* EXTRACTED ENTRIES *
--- --- ---

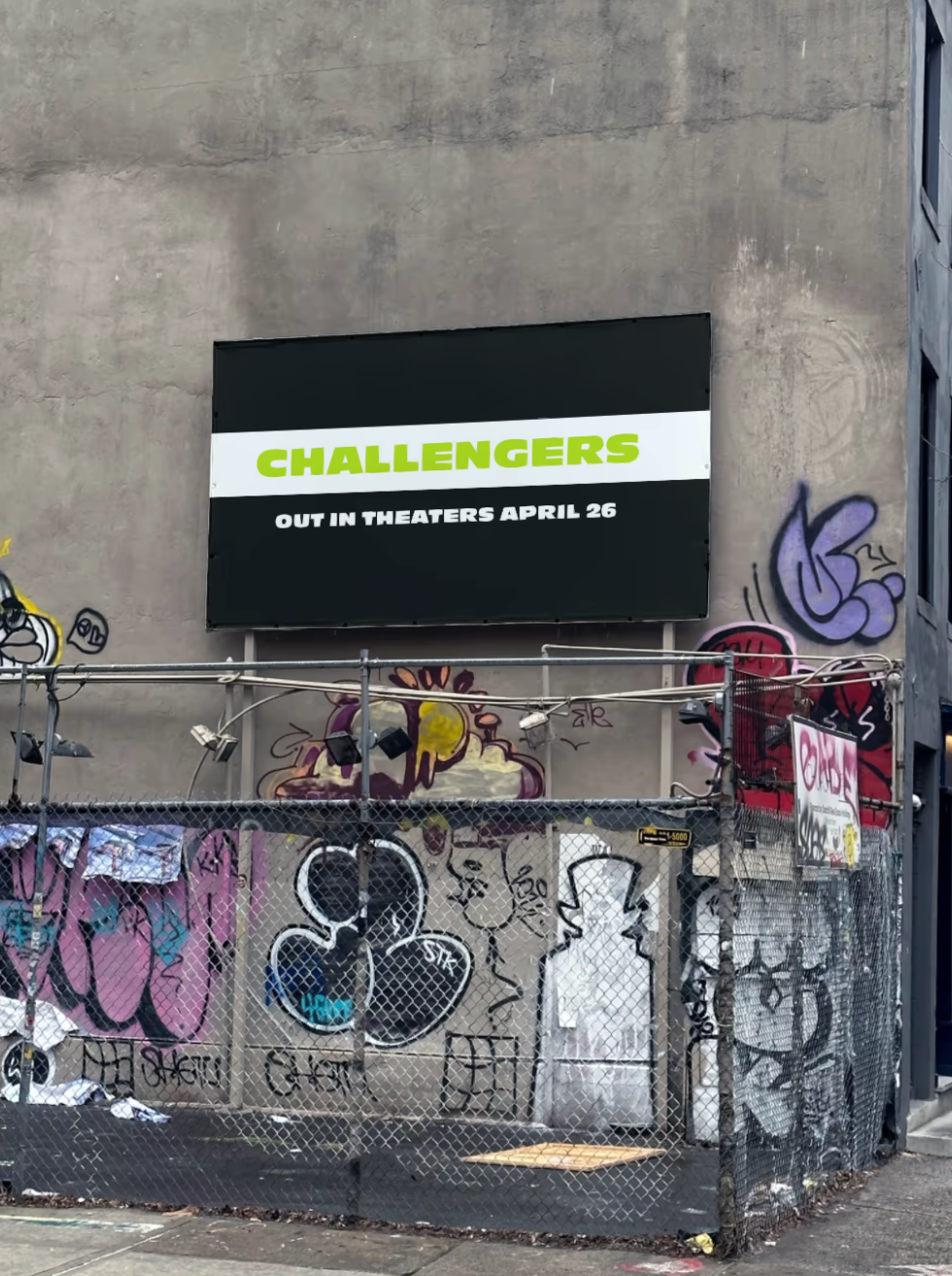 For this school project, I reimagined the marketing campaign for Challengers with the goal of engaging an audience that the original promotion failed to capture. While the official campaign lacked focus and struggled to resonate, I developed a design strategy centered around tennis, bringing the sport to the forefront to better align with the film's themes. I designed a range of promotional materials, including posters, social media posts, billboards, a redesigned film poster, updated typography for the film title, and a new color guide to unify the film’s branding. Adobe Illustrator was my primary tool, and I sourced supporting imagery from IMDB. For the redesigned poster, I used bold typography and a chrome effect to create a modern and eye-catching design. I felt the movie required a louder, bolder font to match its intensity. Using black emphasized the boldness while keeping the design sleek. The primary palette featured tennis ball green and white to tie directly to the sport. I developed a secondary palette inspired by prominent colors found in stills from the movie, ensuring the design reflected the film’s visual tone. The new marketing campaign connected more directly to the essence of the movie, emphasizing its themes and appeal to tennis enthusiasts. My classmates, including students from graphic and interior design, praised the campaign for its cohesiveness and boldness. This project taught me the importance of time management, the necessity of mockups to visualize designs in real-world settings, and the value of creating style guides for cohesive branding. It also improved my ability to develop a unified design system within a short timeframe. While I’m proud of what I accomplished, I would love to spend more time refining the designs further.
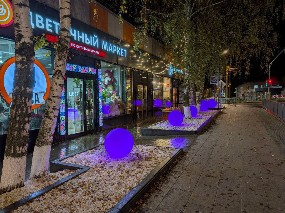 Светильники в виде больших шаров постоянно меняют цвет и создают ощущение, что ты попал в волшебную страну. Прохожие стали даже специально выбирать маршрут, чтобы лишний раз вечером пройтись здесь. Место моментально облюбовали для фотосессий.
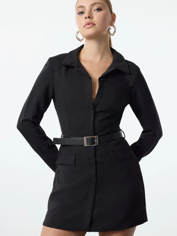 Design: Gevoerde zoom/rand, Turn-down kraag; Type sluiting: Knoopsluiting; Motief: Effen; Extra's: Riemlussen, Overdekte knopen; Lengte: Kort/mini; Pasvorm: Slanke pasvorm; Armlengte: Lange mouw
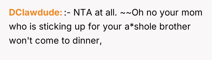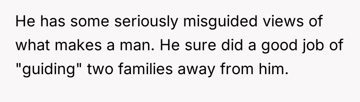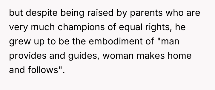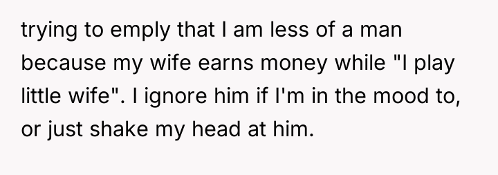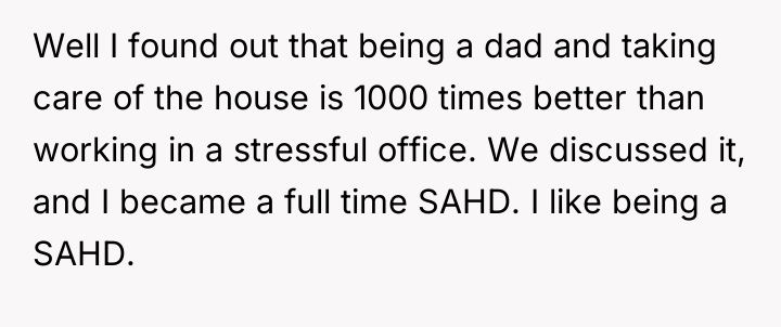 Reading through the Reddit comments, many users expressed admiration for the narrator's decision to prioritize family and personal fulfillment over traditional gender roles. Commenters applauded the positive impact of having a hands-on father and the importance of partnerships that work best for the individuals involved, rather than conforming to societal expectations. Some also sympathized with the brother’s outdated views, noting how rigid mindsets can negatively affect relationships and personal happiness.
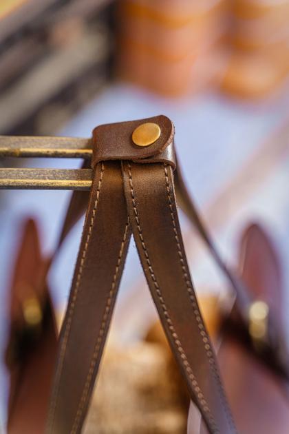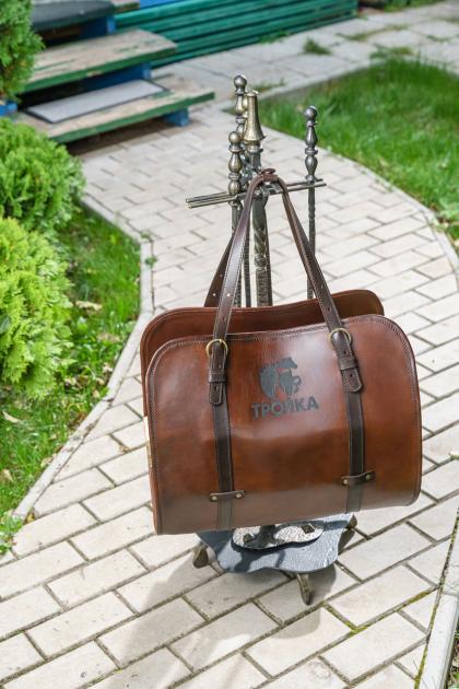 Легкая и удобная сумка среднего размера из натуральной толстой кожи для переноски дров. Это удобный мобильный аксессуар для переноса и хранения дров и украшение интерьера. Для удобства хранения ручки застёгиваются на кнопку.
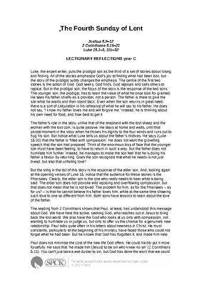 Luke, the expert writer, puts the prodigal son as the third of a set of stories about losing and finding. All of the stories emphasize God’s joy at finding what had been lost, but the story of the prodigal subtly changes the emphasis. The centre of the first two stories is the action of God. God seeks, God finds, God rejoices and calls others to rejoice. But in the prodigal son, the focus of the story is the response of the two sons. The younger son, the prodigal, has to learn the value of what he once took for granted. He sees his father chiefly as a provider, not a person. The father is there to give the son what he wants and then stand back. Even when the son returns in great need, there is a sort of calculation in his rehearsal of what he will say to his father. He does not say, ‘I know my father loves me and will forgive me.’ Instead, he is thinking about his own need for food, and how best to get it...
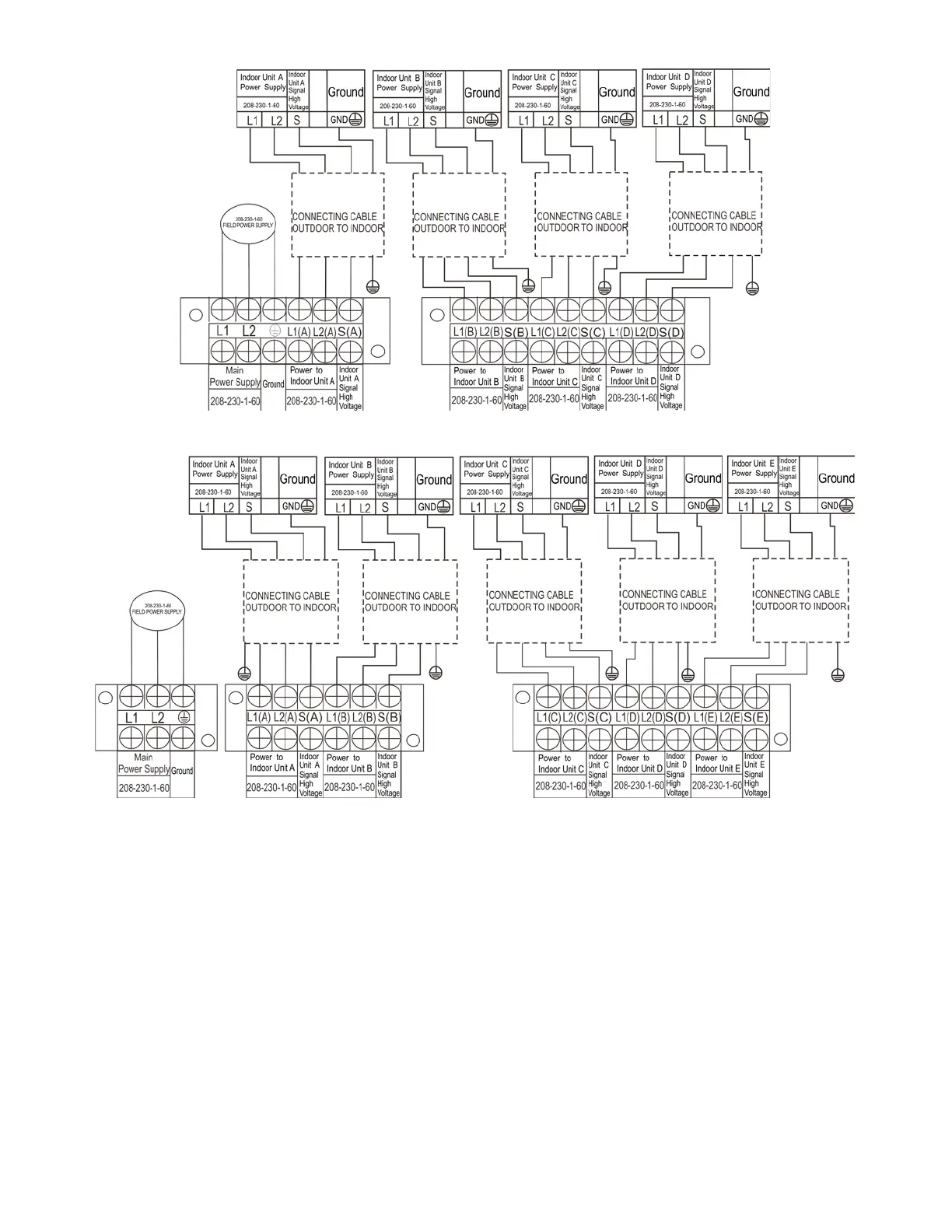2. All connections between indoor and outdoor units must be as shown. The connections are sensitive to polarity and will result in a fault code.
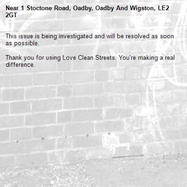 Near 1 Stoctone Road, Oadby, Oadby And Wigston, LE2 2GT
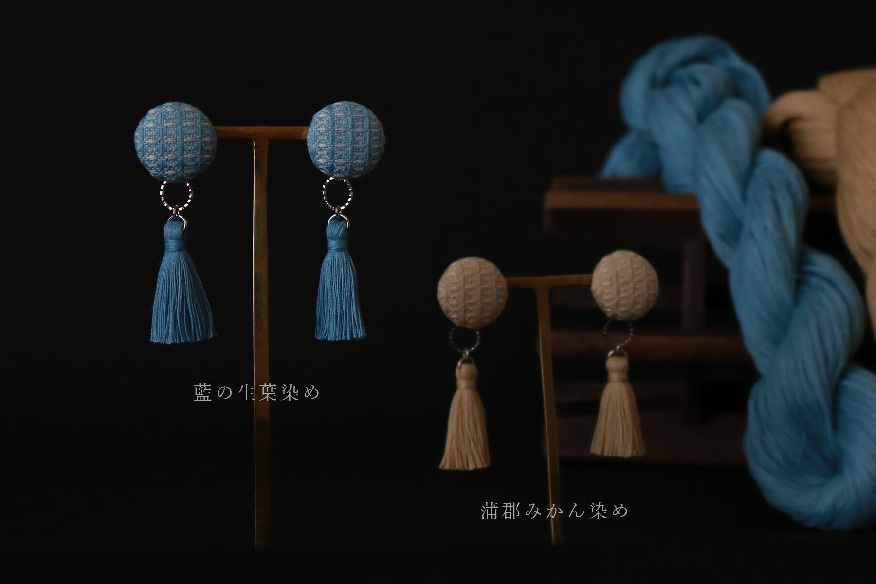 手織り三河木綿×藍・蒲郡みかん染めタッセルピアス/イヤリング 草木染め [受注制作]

--- --- ---

The range to transcribe runs from the line holding "Near 1 Stoctone" through the final line of the data above; copy it exactly and exclude the pictures.

* RESPONSE BELOW *
 Near 1 Stoctone Road, Oadby, Oadby And Wigston, LE2 2GT
 手織り三河木綿×藍・蒲郡みかん染めタッセルピアス/イヤリング 草木染め [受注制作]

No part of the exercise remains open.